After the withdrawal of Germans from Greece, the National Unity government headed by Prime Minister C. Papandreou was settled in Athens. King George II returned to Greece after the referendum in 1946, but died soon (April 1, 1947) and was succeeded by his brother Paul A. Meanwhile it had been signed the peace treaty with Italy, according to which the Dodecanese united with Greece.

Between 1946-1949 the country was torn by civil war. In 1952 the country joined the North Atlantic Treaty Organisation (NATO), the military arm of which withdrawn after the conquest of Cyprus by the Turkish Attila in 1974, but in order to be accepted again in 1979. In 1964 King Paul I died and throne was succeeded by his son Constantine II. On April 21, 1967 up to 1974 was established in the country a dictatorship, which King Constantine attempted to overthrow (12/13/1967), but failed and left for Rome.

In 1974 the dictatorship was overthrown and formed a National Unity government of Mr. Karamanlis, who after the elections in November 1974 formed his own government majority. On (8/12/74), the kingdom was abolished and president of the republic temporarily took over M. Stassinopoulos.

In 1979 the country joins the European Economic Union (EEC). In the elections of 1981, PASOK  became the first party, under the leadership of Mr.
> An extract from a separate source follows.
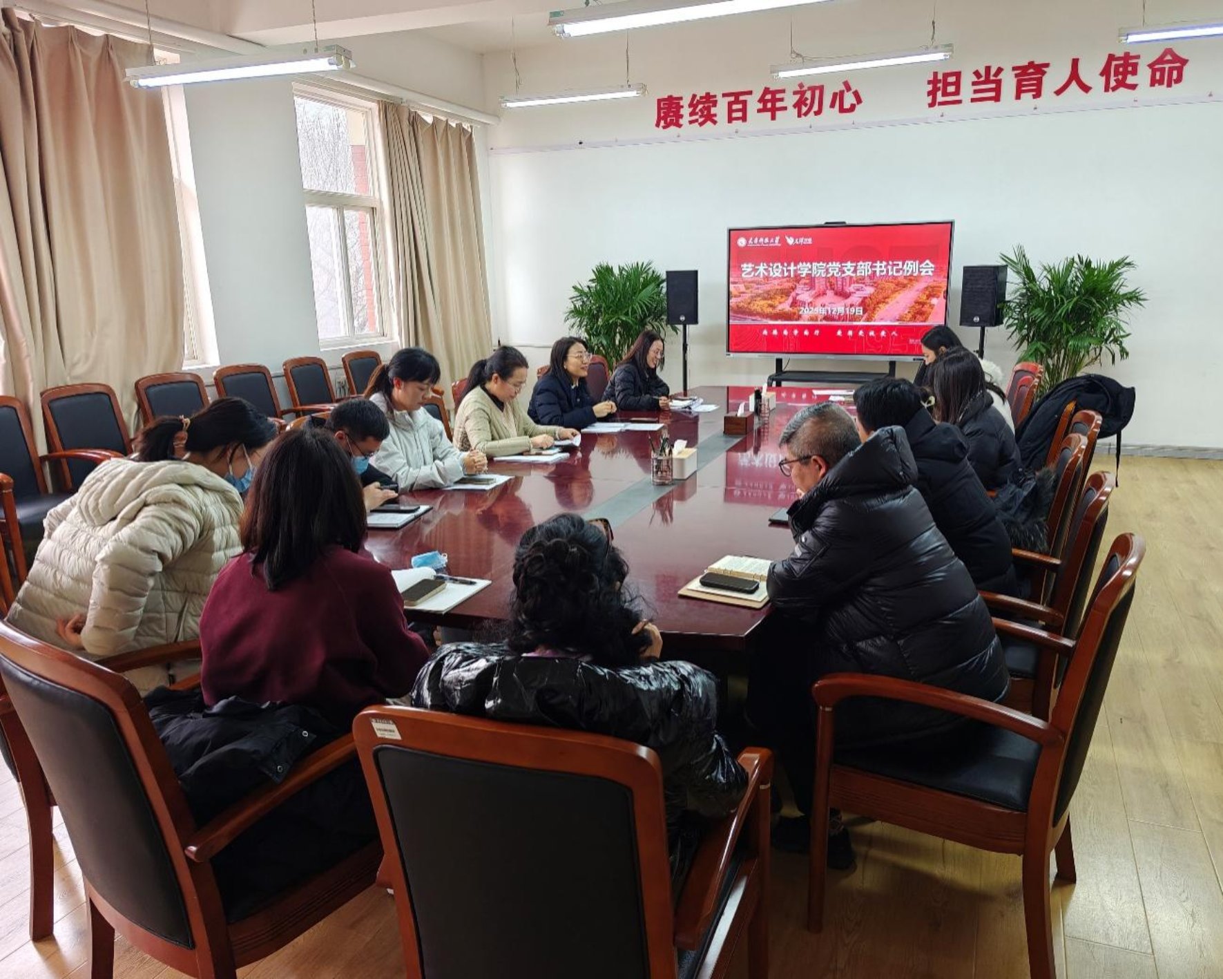 12月19日,艺术设计学院党委组织召开党支部书记工作例会,围绕进一步深化主题党日活动开展学习交流与工作部署。会议由学院党委副书记范爱春主持,学院党委书记朱丽丽、纪委书记包慧珂、各党支部书记及组织员参加会议。

Andreas Papandreou, who by a majority of 48% formed government. After the defeat of PASOK in the elections of June 1989, N. Dimokratia won the elections without forming government. In November 1989, Mr. X. Zolotas formed a National Unity government. After the new elections of April 1990 N. Dimokratia, finally formed government with Prime Minister Mr. Constantine Mitsotakis.

In 1993 A. Papandreou was elected prime minister again. Konstantinos Simitis succeeded A. Papandreou as prime minister in January 1996 and in the leadership of the party in July 1996. In the elections of 22 September 1996, PASOK won again.